Recorded data:

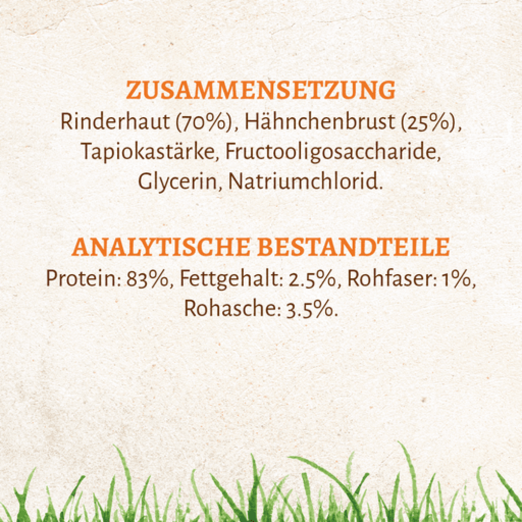 70 % Rawhide, 25 % Chicken Breast, Tapioca starch, Fructooligosaccharides, Glycerin, Sodium chloride
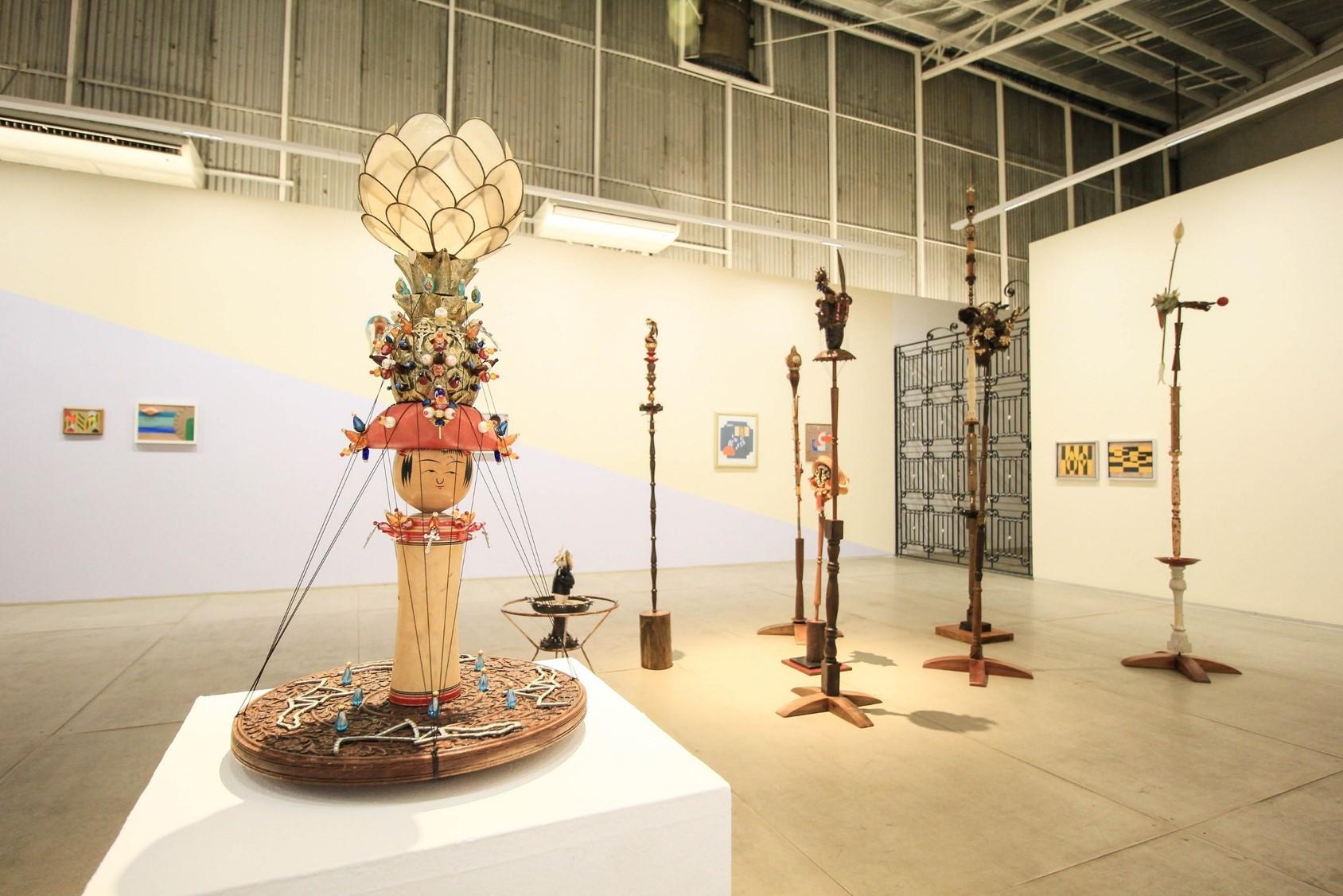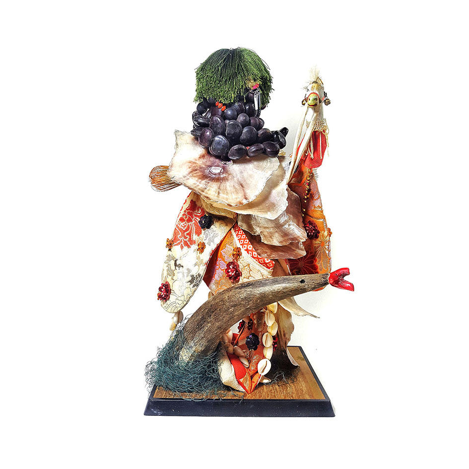 (今回展示されている日本人形を模した作品にも、スパンコールのように貝殻が花型ビーズが縫い付けられ、文化のルーツが複数あることが感じ取れます。)
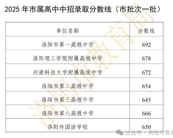从洛阳市教育局了解到,2025年河南洛阳市直高中录取分数线已公布,其中一批次洛阳市第一高级中学分数线为692分;洛阳理工学院附属高级中学分数线为678分。具体详情小编整理如下:
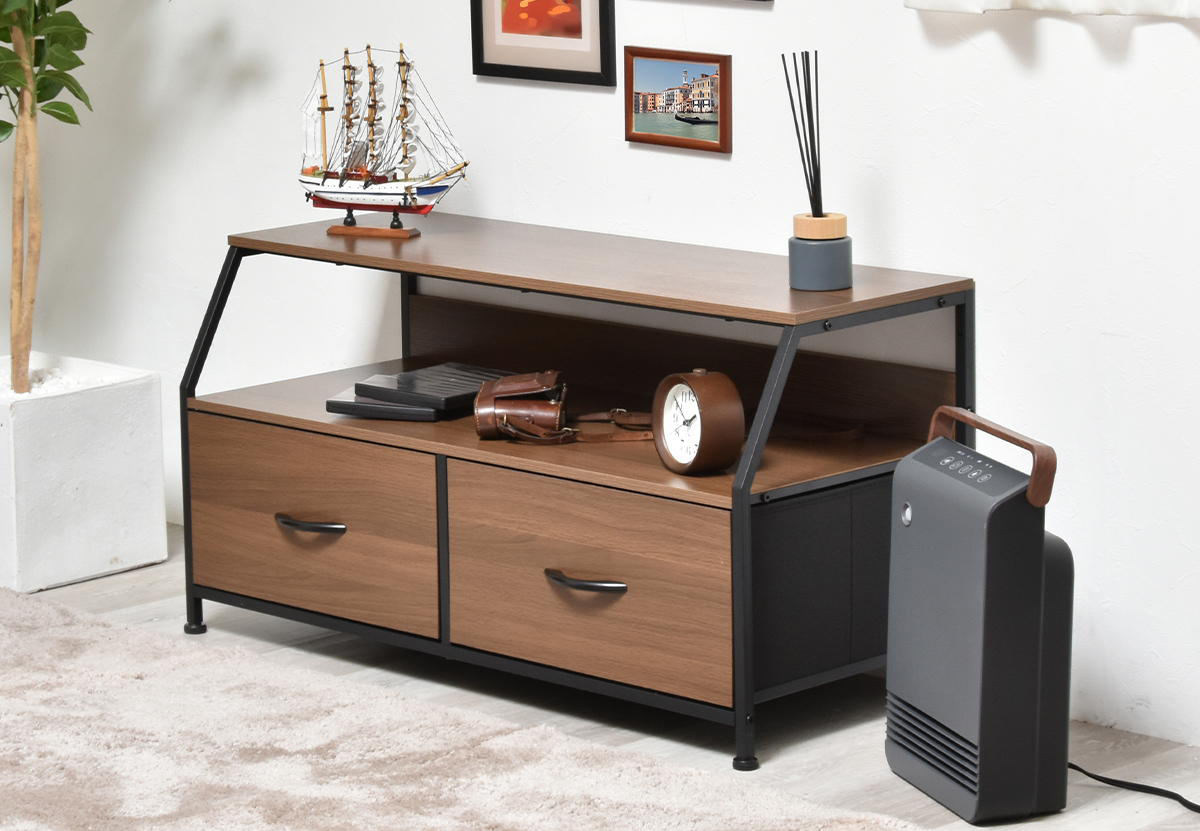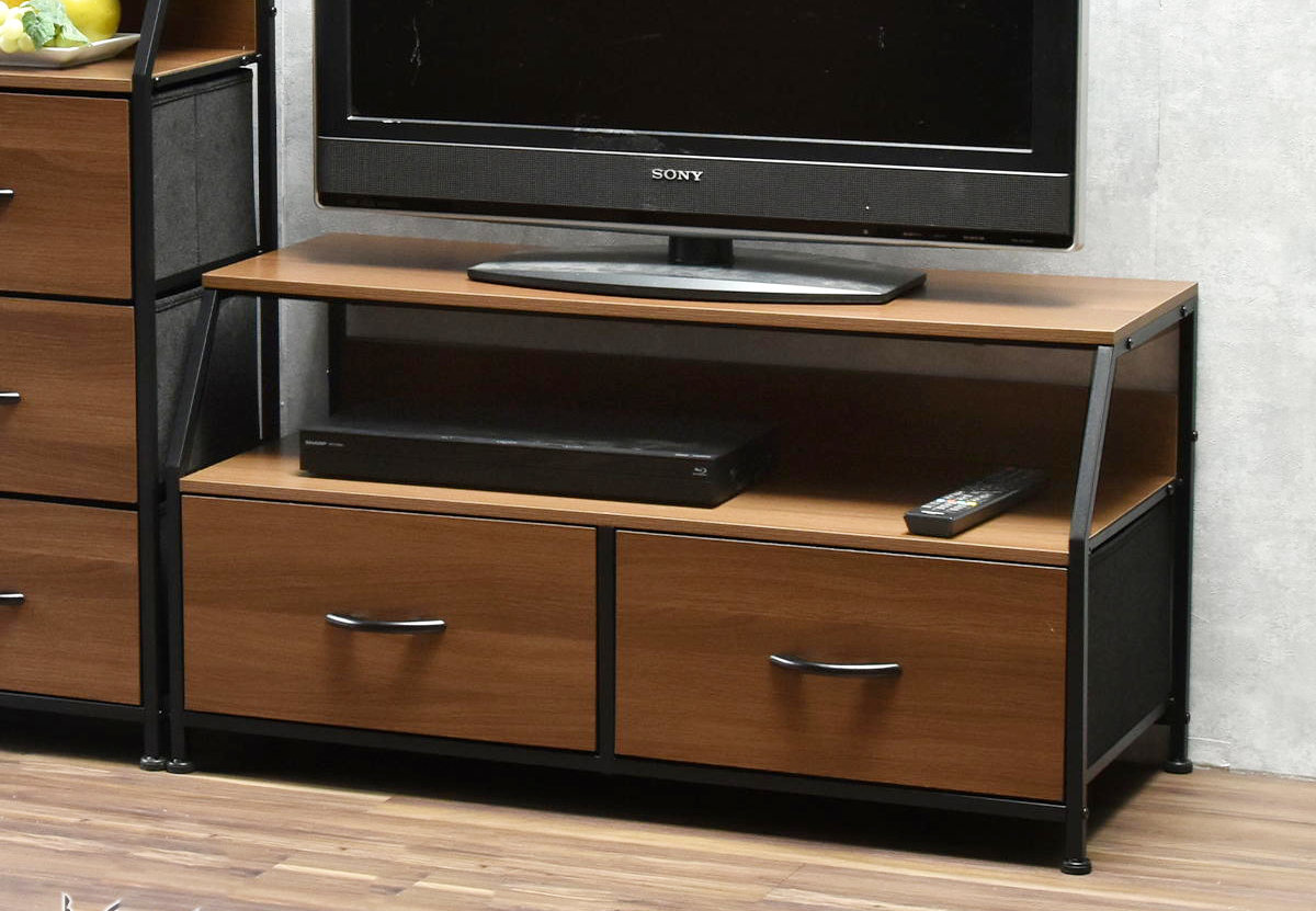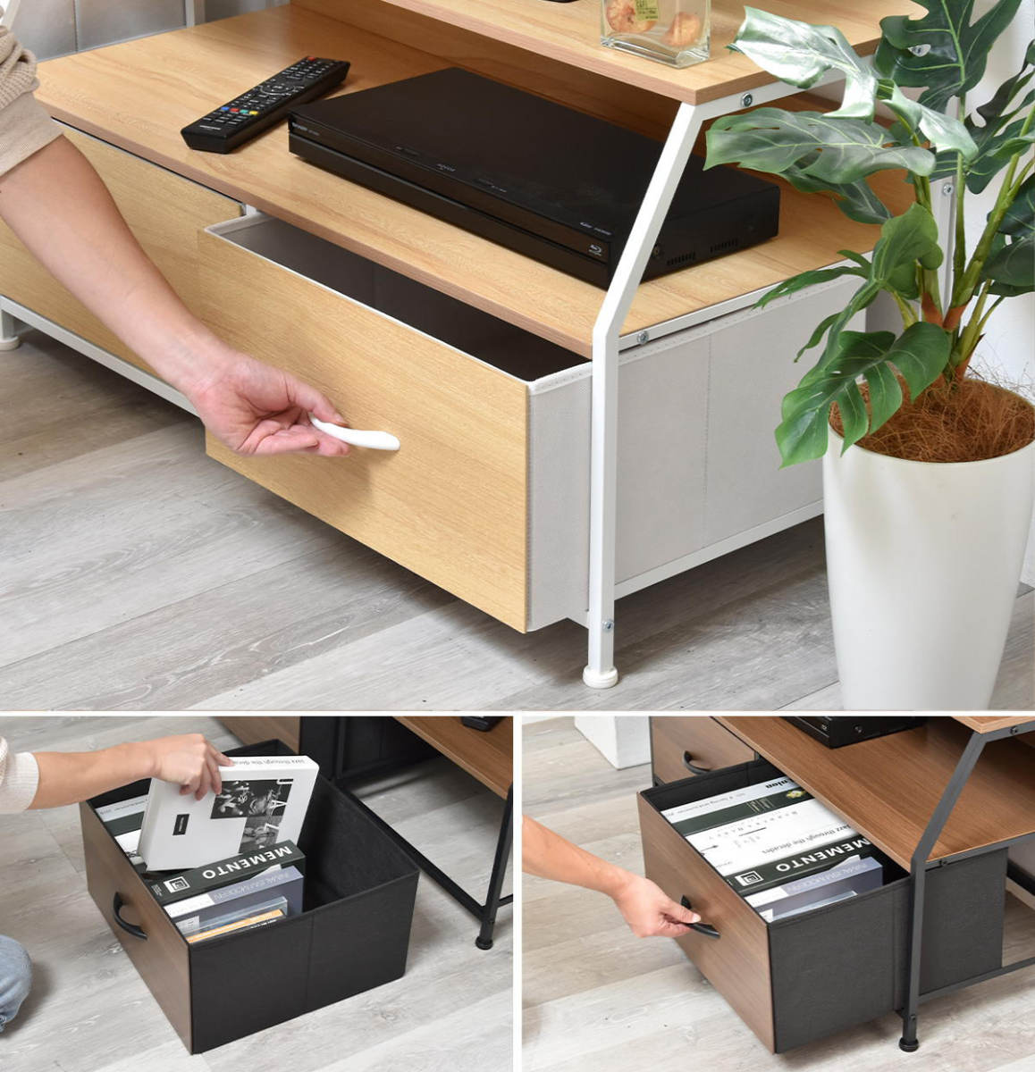 木目調の天板と引き出しに、スチールフレームを組み合わせたシンプルなデザインで、ナチュラルからインダストリアルまで幅広いインテリアに馴染みます。オープンスペースと引き出し収納を備えており、AV機器や小物をすっきりまとめて収納できます。

What to produce: Each line from the one containing "(今回展示されている日本人形" through the last line of the data should be written out exactly. Skip the pictures, and add no other lines.

Answer box:
 (今回展示されている日本人形を模した作品にも、スパンコールのように貝殻が花型ビーズが縫い付けられ、文化のルーツが複数あることが感じ取れます。)
从洛阳市教育局了解到,2025年河南洛阳市直高中录取分数线已公布,其中一批次洛阳市第一高级中学分数线为692分;洛阳理工学院附属高级中学分数线为678分。具体详情小编整理如下:
 木目調の天板と引き出しに、スチールフレームを組み合わせたシンプルなデザインで、ナチュラルからインダストリアルまで幅広いインテリアに馴染みます。オープンスペースと引き出し収納を備えており、AV機器や小物をすっきりまとめて収納できます。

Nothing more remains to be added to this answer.